In the case of men, the treatment consists of:
- The sperm will be cleaned and treated in order to distinguish the higher-quality sperm from the active, typical sperm.
- If sperm from a previous pregnancy is utilised, it will be taken out of frozen storage, thawed, and processed similarly.
Once the procedure has been completed
- The mother may be recommended to relax the rest of the day after the embryo transfer.
- Unless there is a higher risk of OHSS, total bed rest is not required. The next day, most women resume their regular activities.
- To conceive, it typically takes 3 IVF sessions.
- Any of the following symptoms should prompt a patient to call their doctor right away:
- Fever of more than 100.5°F (38 C)
- Pelvic pain
- Significant vaginal bleeding or blood in the urine
In vitro fertilisation success rate
Numerous variables affect how the IVF Treatment in India turns out, which affects its success rate. IVF success rate variables include:
- Age of the woman – This provides a strong indication of her ovarian reserve.

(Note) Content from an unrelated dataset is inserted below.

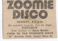 Q Artistes first promotion was the Zoomie Disco which provided an outlet for local bands like Mad Cat Molly, Warrior and Fission at St. Saviour’s Hall near the Butts.

- Rates of successful or unsuccessful fertilisation and cleavage during the in vitro process.
- The quantity of eggs recovered, their degree of maturation, and their quality are all crucial factors.
- The total number of transplanted and cryopreserved embryos.
- Whether the post-transfer luteal phase is sufficient or not
- The success rate of IVF is very significantly influenced by the underlying reason of infertility.